Figure BDA0002562390340000111
in the formula (I), the compound is shown in the specification,
Figure BDA0002562390340000116
the rounding-down operator.
For example, for the text to be recognized, "eight full-field cosmetic folds, only limited to one", the maximum number of words in the word segmentation result is 5, the number of columns of the two-dimensional augmentation matrix can be determined to be 5, and the number of rows is calculated to be 3 according to the above formula. The two-dimensional amplification matrix that can be obtained is shown in table 3:
TABLE 3 two-dimensional augmentation matrix
Column 1 Column 2 Column 3 Column 4 Column 5
Line 1 Cosmetic preparation All over the field Eight-fold Only limit Number one
Line 2 All over the field Eight-fold Only limit Number one Cosmetic preparation
Line 3 Number one Cosmetic preparation All over the field Eight-fold Only limit
Sampling the two-dimensional augmentation matrix of the text to be recognized with the combination length m being 2 can exhaust all possible word segmentation combinations. The following is an example of a process of verification.

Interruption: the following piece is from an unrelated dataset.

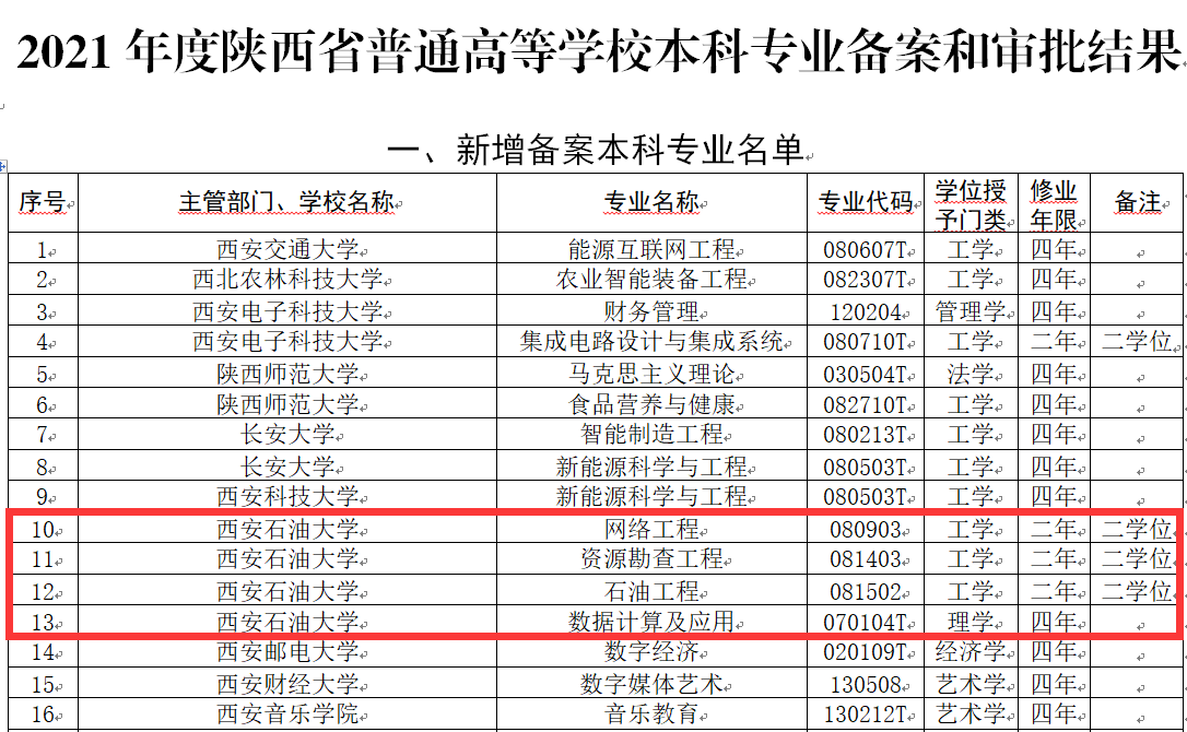 近日,教育部發布了《關于公布2021年度普通高等學校本科專業備案和審批結果的通知》(教高函〔2021〕14號)。根據公布結果,我校2021年新增獲批數據計算及應用1個本科專業,新增獲批網絡工程、資源勘查工程、石油工程3個第二學士學位專業。至此,我?,F有本科專業58個,涵蓋理、工、經、管、文、教、藝七個學科門類,專業布局日趨合理,專業特色更加明顯,專業優勢不斷凸顯。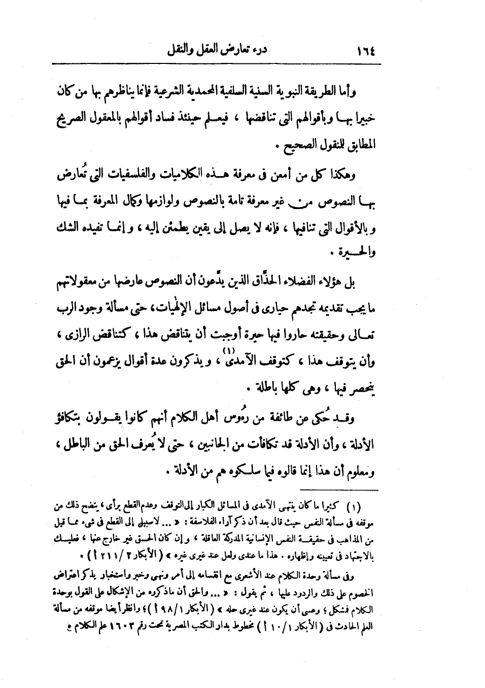 بل هؤلاء الفضلاء الحذاق الذي يدعون أن النصوص عارضها من معقولاتهم ما يجب تقديمه تجدهم حيارى في أصول مسائل الإلهيات، حتى مسألة وجود الرب تعالي وحقيقته حاروا فيها حيرة أوجبت أن يتناقض هذا، كتناقض الرازي، وأن يتوقف هذا، كتوقف الآمدي، ويذكرون عدة أقوال يزعمون أن الحق ينحصر فيها، وهي كلها باطلة.

If the text to be recognized is composed of n participles, this is denoted as a sequence of participles w1,…,wi,…wn}. Wherein each participle is denoted wiI is the index of each participle, i ═ 1,2, …, n. M participles can be extracted from the participle set to be combined and expressed as a participle combination sequence
Figure BDA0002562390340000114
Wherein each participle combination is expressed as
Figure BDA0002562390340000115
j is the index of each participle, j equals 1,2, …, m.
According to the permutation and combination principle, the possibility that m participle combinations can be selected from N participles of a text to be recognized is N, and the formula is represented as follows:
Figure BDA0002562390340000112
it can be seen that when m is 2, the possibility of word segmentation combination can be controlled to be
Figure BDA0002562390340000113
As m continues to grow, the probability will grow explosively.
As can be seen from the above formulas, table 2 and table 3, when the number of the participles of the text is n equal to 5 and the combination length m is 2, different combinations of the participles in 10 can be extracted from the text to be recognized. Therefore, the constructed two-dimensional augmentation matrix exhales all word combinations in the text to be recognized.
In practical application, for convenience of operation, for a text to be recognized, if the actual number of word segmentation is greater than the maximum number of words, the word segmentation is only selected according to the maximum number of words, and if the actual number of word segmentation is less than the maximum number of words, the word segmentation result is filled with a vacancy until the number of word segmentation is equal to the maximum number of words.
Fig. 3 is a schematic flow chart of generating a two-dimensional augmentation matrix according to an embodiment of the present invention, and as shown in fig. 3, first, the number of columns and the number of rows of the two-dimensional augmentation matrix are set according to an actual application condition, and a word segmentation result of a text to be recognized is used as a row element of a first row of the two-dimensional augmentation matrix; secondly, determining the shift direction and the offset of the cyclic shift according to the line sequence number of the current line of the two-dimensional augmentation matrix, and determining the current line; and updating the next row into the current row, and determining row elements of each row of the two-dimensional augmentation matrix row by row until the two-dimensional augmentation matrix is generated.
According to the keyword combination extraction method provided by the embodiment of the invention, the text information can be retained to the maximum extent and the matrix space can be minimized by reasonably setting the column number and the row number of the two-dimensional augmentation matrix, the data storage space and the algorithm complexity are reduced, and the extraction speed of the keyword combination is greatly improved.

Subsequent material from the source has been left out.